Die Welt ist aus den Fugen. Es herrschen Krieg, Chaos, Ungleichheit und Ausbeutung, extreme Wetterwechsel; doch der wahre Held findet in jeder Lebenslage eine Lösung und für alles eine Erklärung. Und zieht sich – samt Pferd, das auch sonst viel durchzumachen hat – am eigenen Zopf aus dem tiefsten Sumpf.

Nach allem, also dem wenigen, was von Hieronymus Carl Friedrich von Münchhausen verbürgt ist, der am 11. Mai 1720 zur Welt kam, war er im wirklichen Leben kein großer Held. Ein Landadeliger, der zunächst als Page eines an den Zarinnenhof verheirateten Braunschweiger Prinzen und einige Jahre als Offizier in der russischen Armee diente und sich anschließend auf sein Gut im niedersächsischen Bodenwerder zurückzog. Bemerkenswert an seiner Biografie sind allenfalls die langwierigen Erbstreitigkeiten mit einem seiner Brüder, seine spektakulär scheiternde zweite Ehe mit einer mehr als fünfzig Jahre jüngeren Frau sowie eine Neigung zu überdurchschnittlich dreister Prahlerei mit seinen Auslandserfahrungen und Jagderfolgen. Und dass er erleben musste, wie eine literarische Figur seines Namens so rasant an Popularität gewann, dass er sein Ansehen, auch seine Glaubwürdigkeit im Scheidungsprozess gefährdet sah.

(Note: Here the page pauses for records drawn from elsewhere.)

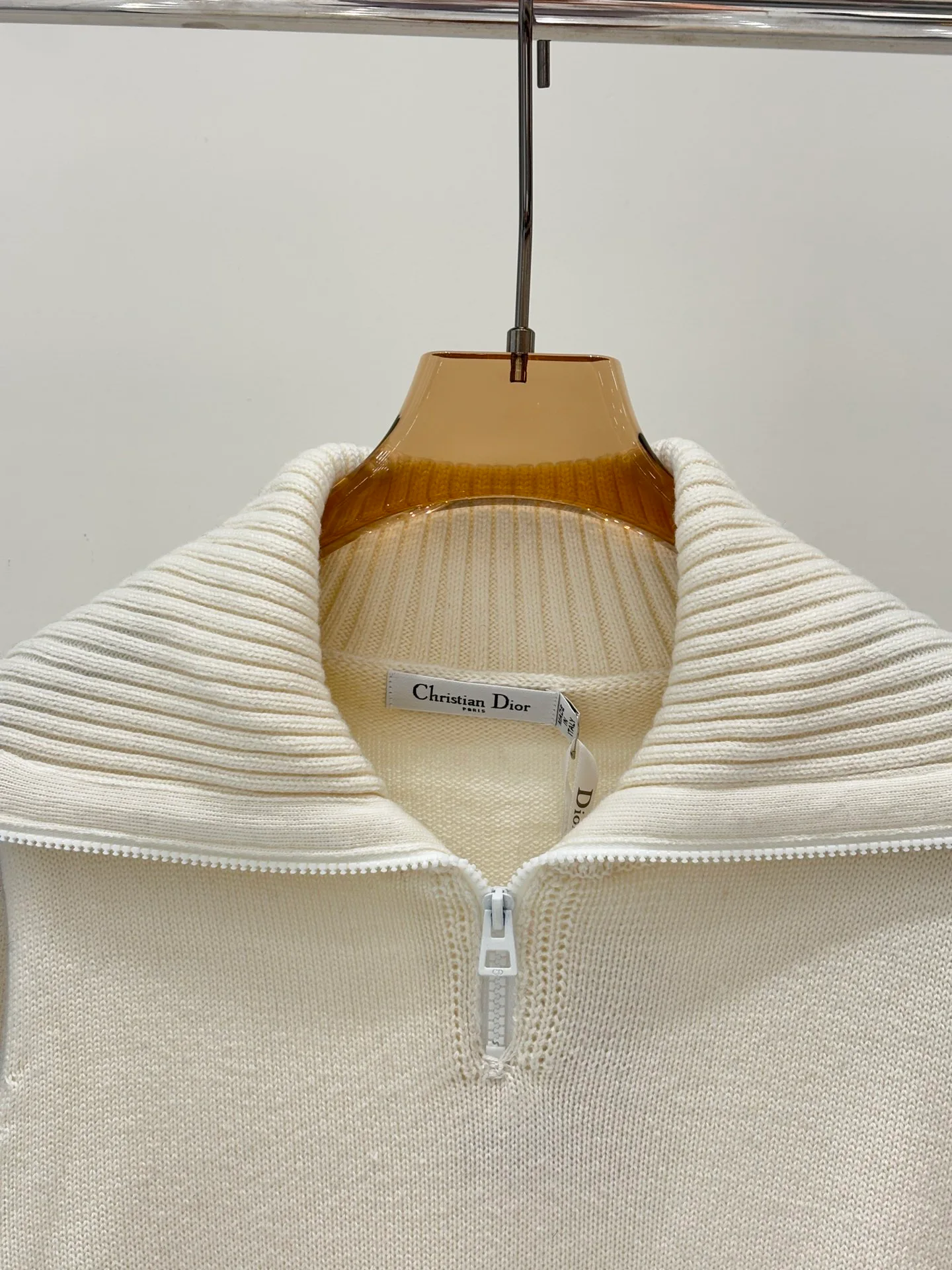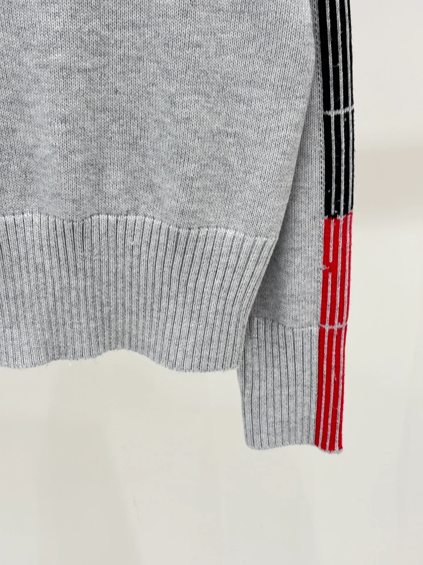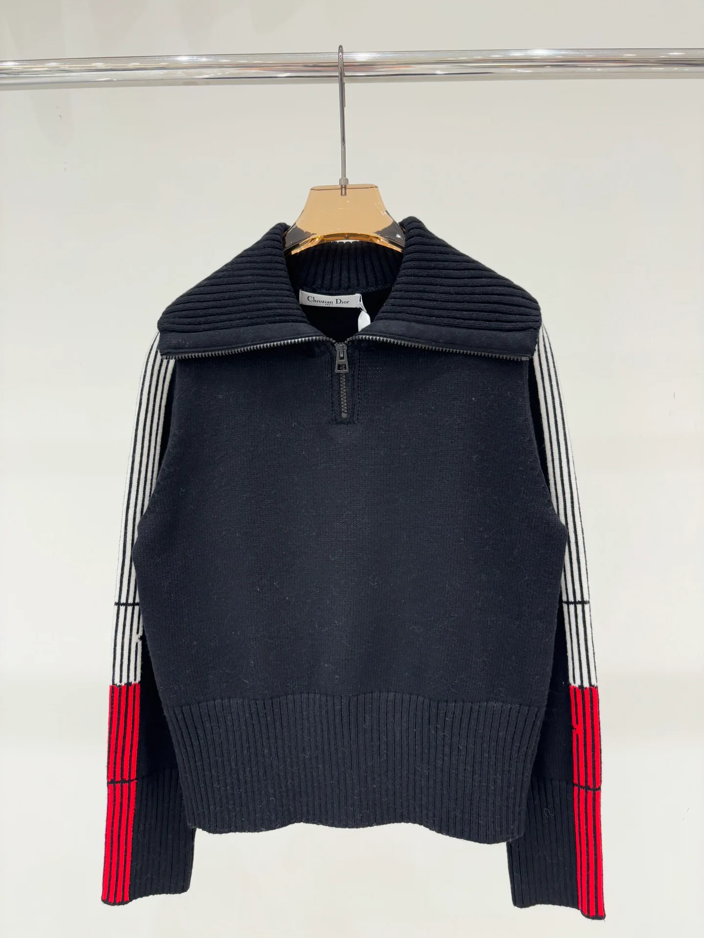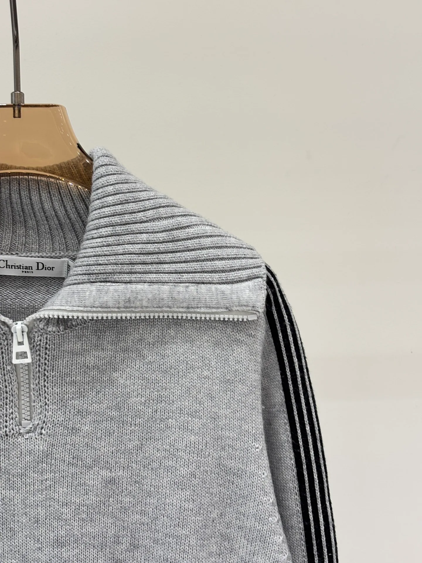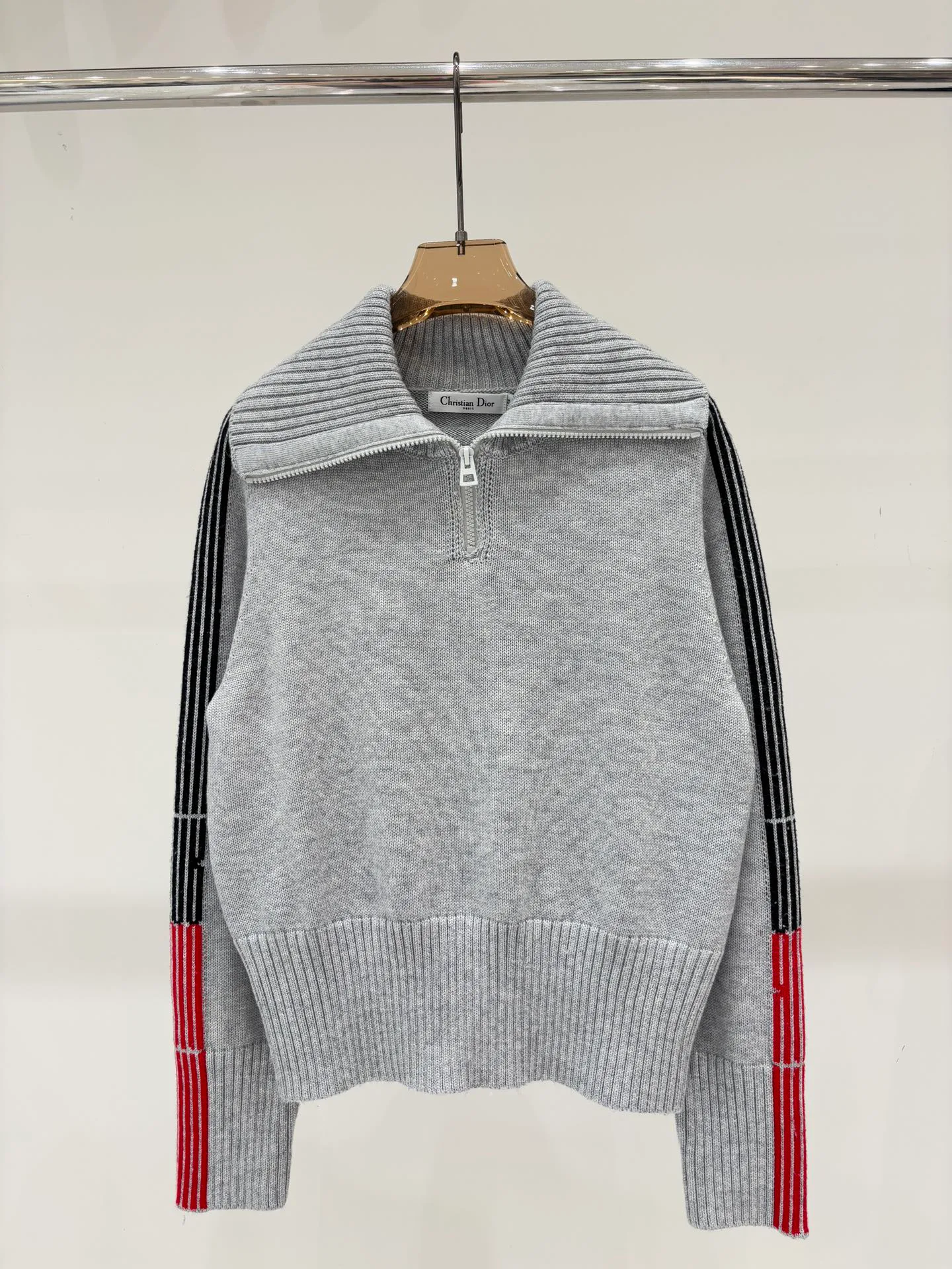 Основные характеристики: цвета белый, серый, черный. Размеры S, M, L. Воротник отложной. Застежка полузип на груди, удобная при надевании. Дизайн цветной контрастный блок в виде полос и полосатый нижний край. Силуэт свободный, крой регулярный, комфортный для повседневной носки. Материал вязанный трикотаж, мягкость и тепло, подходит для ранней осени. Уход бережная стирка по ярлыку, рекомендации по уходу зависят от состава ткани.
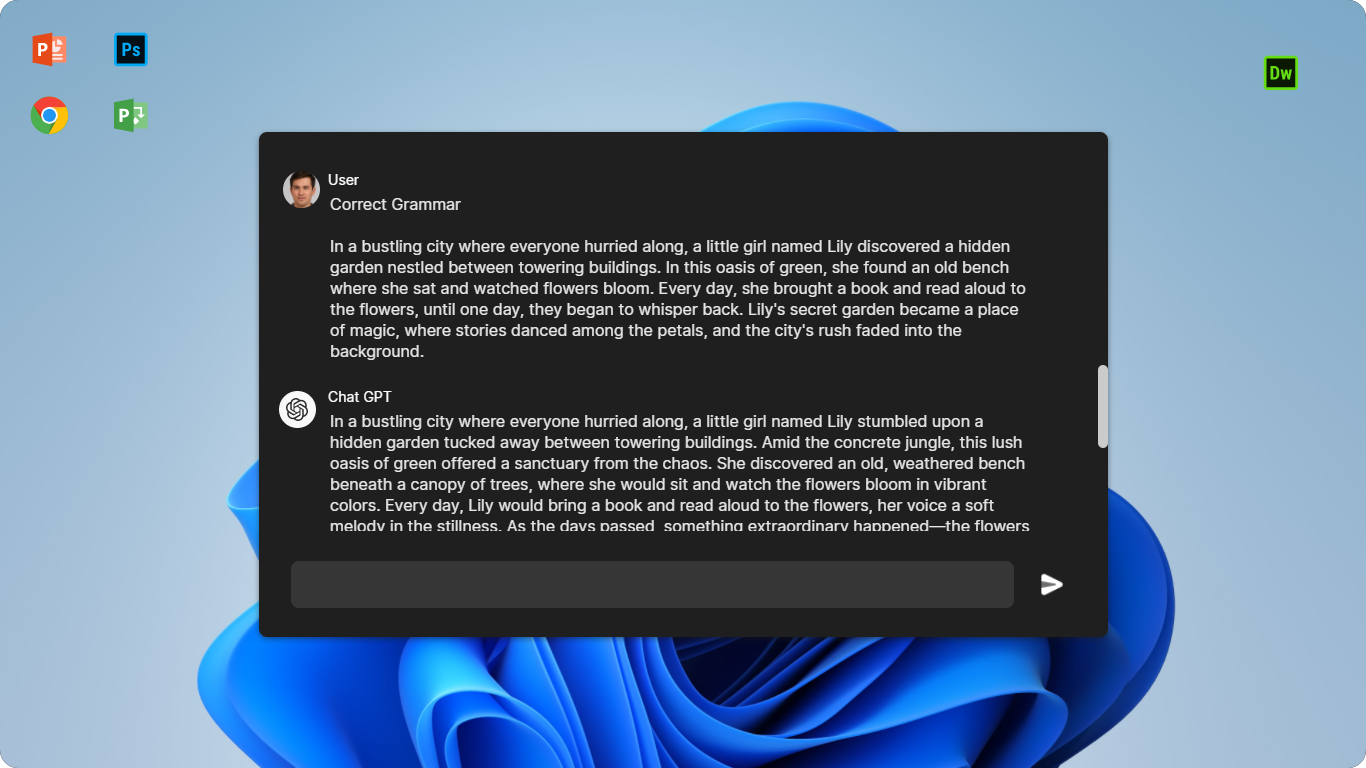 A simple floating widget allows you to access the AI assistant immediately from anywhere in your workspace. It is simple and clean, designed to give you the power of AI instantly without disrupting your workflow.
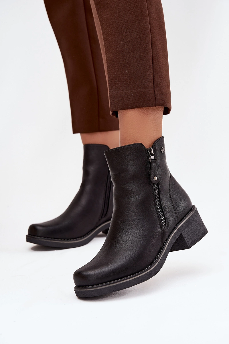Botki Damskie Na Klocku Ocieplane Czarne Kalivana
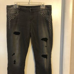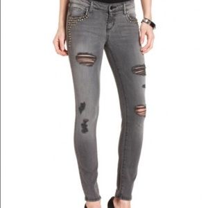 Guess skinny jeans- style: Kate destroyed denim with studs. Super comfy, size 29 but they run a little larger
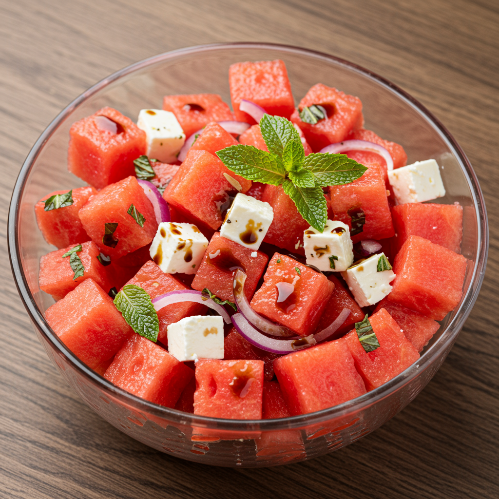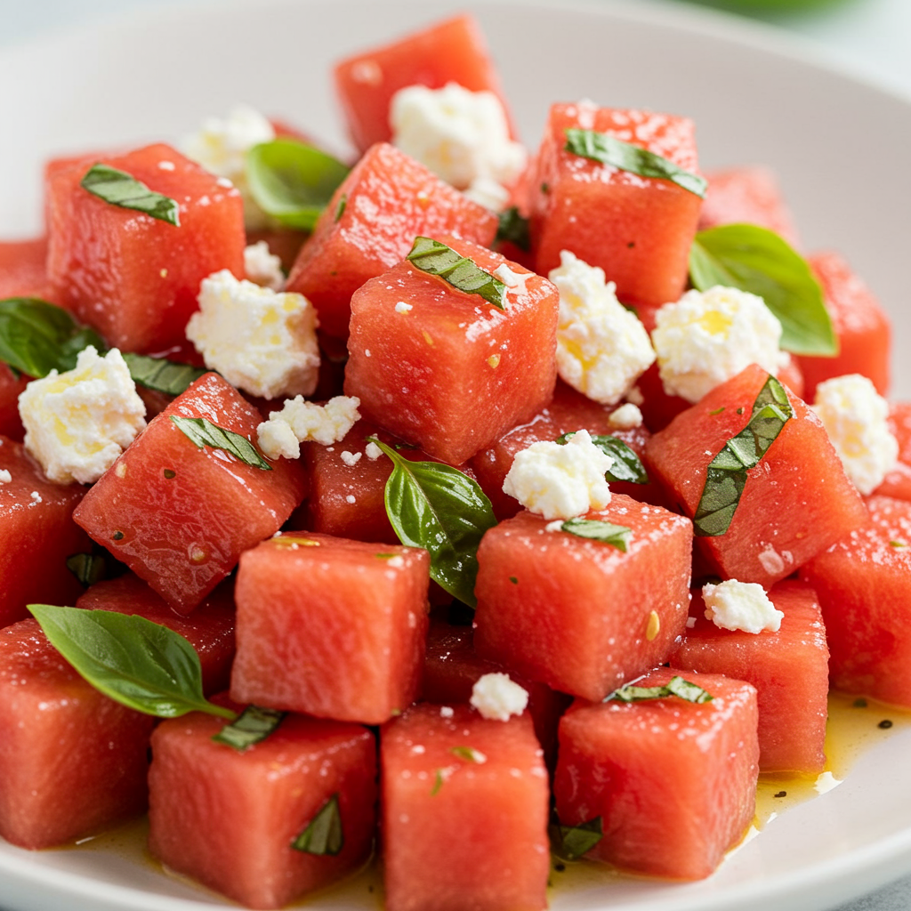 This salad is a harmonious blend of juicy watermelon creamy feta fresh herbs and zesty dressings. The sweetness of the watermelon balances the saltiness of the feta while herbs like mint or basil add a refreshing kick. Plus it’s quick to make visually stunning and packed with nutrients like vitamins A and C antioxidants and hydration-boosting watermelon.
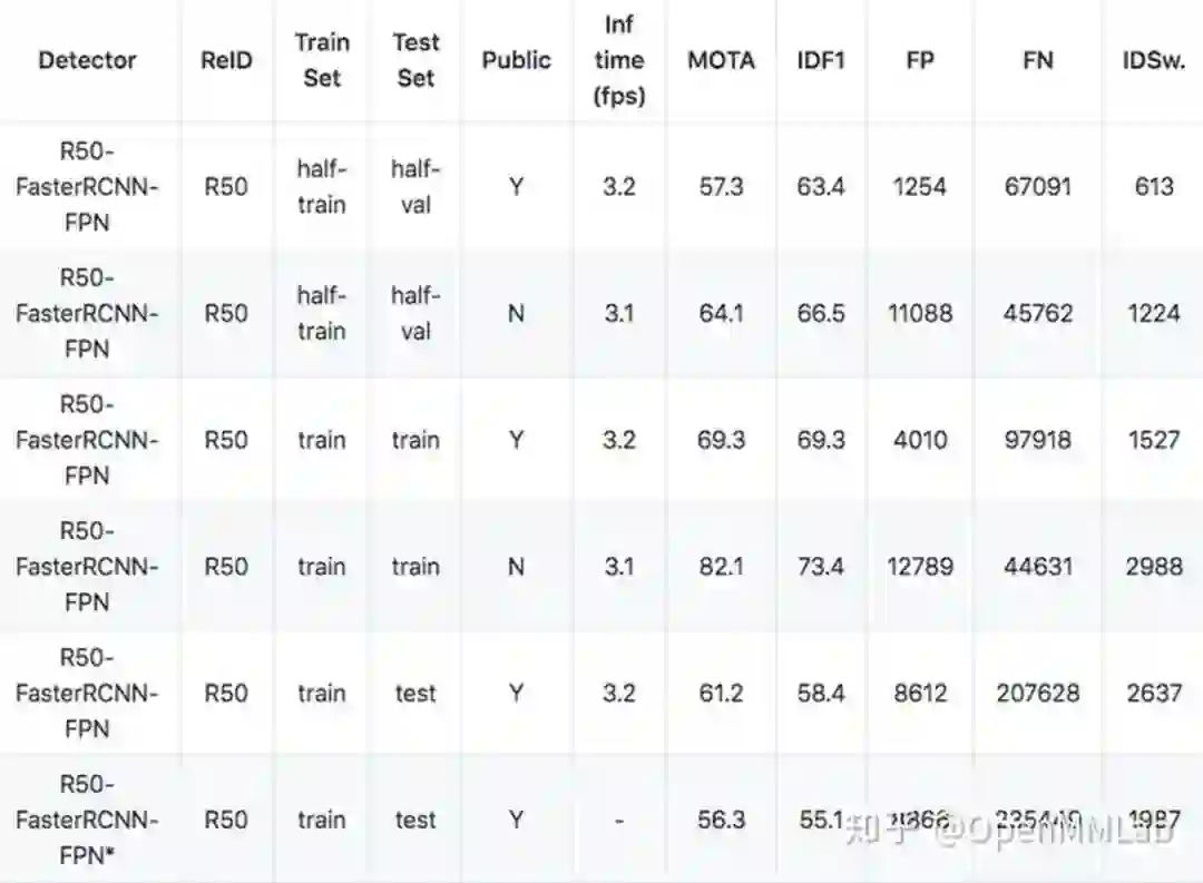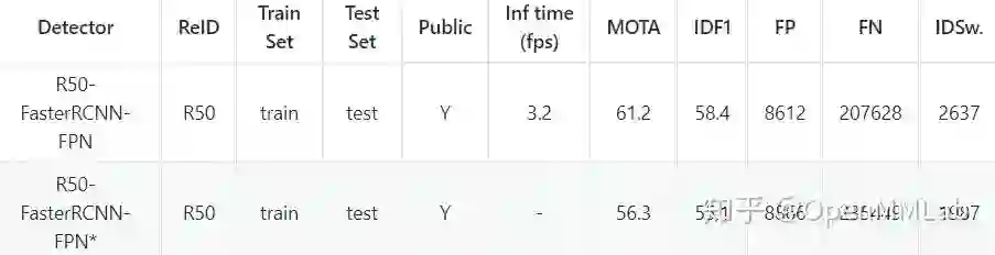 对多目标跟踪算法 Tracktor 的实现结果(第一行)相比于官方实现(第二行),在 MOT17 数据集上 MOTA 超出 4.9 个点,IDF1 超出 3.3 个点。

Die ersten „Münchhausen“-Geschichten wurden anonym publiziert. 1781 erschien eine Sammlung pointierter Anekdoten in einem Almanach, 1785 kam in London ein schmaler Band auf Englisch heraus, „Baron Munchausen's Narrative of his Marvellous Travels and Campaigns in Russia“, dem bereits ein knappes Jahr später eine bearbeitete und erweiterte deutsche Ausgabe folgte. Danach gab es kaum noch ein Halten. Neuauflagen, Übersetzungen, Kinderbuchfassungen und immer wieder Ergänzungsbände: Fast alles, was in der Weltliteratur seit der Antike an Lügengeschichten kursiert, wurde als Münchhausiade recycelt.